First of all, inside CubeMX there are a lot of details in the middleware package that one needs to follow, such as setting up DMA for USART Tx, not generating MX_Init function calls and making init code not static. That was the easy bit.

We are using RAK3172 module in the Colibri MCU1 and RAK Wireless provide the low-level radio drivers. Those are not particularly well-written, and should be re-written. The problem is that LoraWAN middleware will over-write them on each code generation, and it is easy to forget that this happens and "suddenly" LoraWAN doesn't work after using CubeMX for something unrelated. Not going to create a working BSP now, but that is probably what should be done. (RAK Wireless claims that it won't work with BSP.)
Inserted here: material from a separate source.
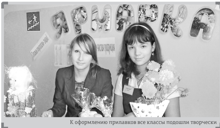
К оформлению прилавков все классы подошли творчески

Ученики гимназии подошли к проведению традиционной Малой Маргаритинской ярмарки очень ответственно. 8 сентября еще до начала первого урока школьные коридоры были заставлены столами, ломившимися от разнообразия продуктов. Ребята принесли на продажу овощи, фрукты, цветы, выращенные ими и их родителями на дачах. Работа шла очень бурно, каждый старался переманить покупателя к своему столику. Ученики предлагали разные акции, лотереи и конкурсы, ответишь правильно – получишь пятидесятипроцентную скидку. Вы, например, знаете, где впервые появи-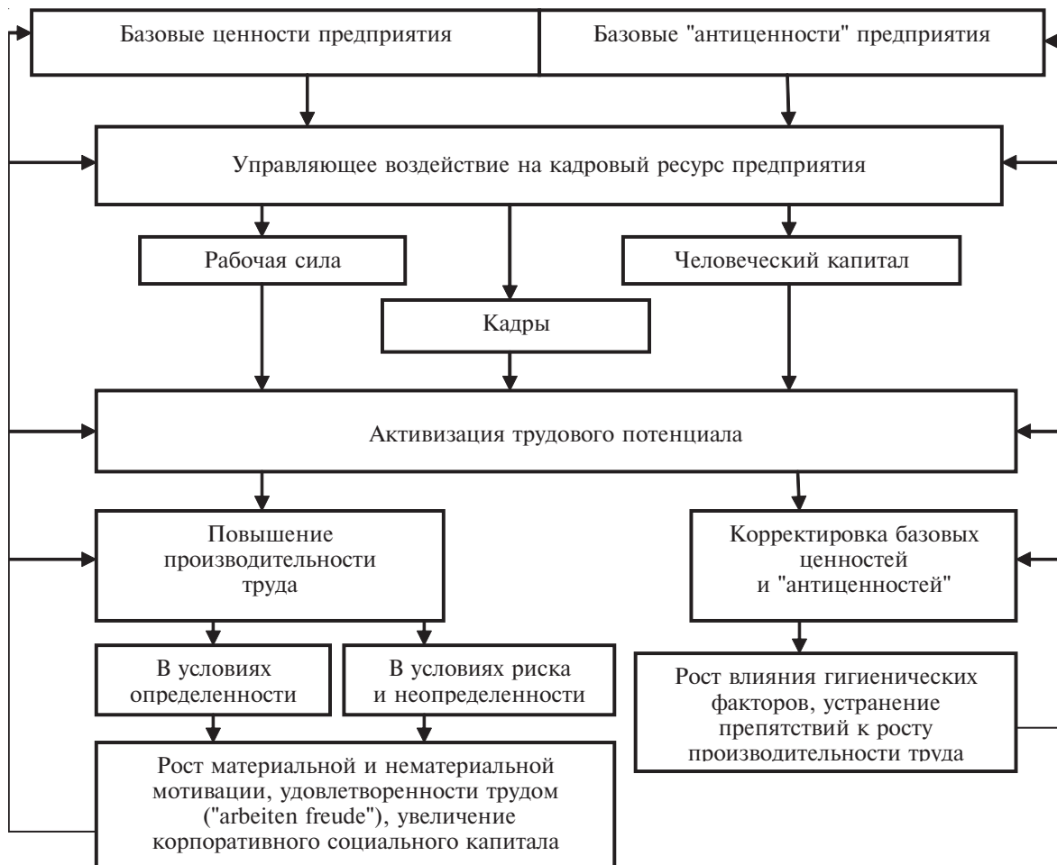
Рис. 4. Функциональная схема реализации социально ориентированного менеджмента на промышленном предприятии

вовлеченности отдельных работников в единую скоординированную деятельность предприятия, в рамках которой каждый работник достигает значимых для него личных целей.

The RAK3172 is built on the STM32WLE5 chip from STM.

See "Setting up RAK3172" for information to set up the STM32CubeMX part. Below are about customization for Colibri.

seNvmInit structure

We should set up the initial SecureElement into Flash, either from external tool via `st-flash` or in the C main() function

Here are the starting address for the whole structure and the offset for each member. This depends on LoraWAN version and is VERY FRAGILE over time.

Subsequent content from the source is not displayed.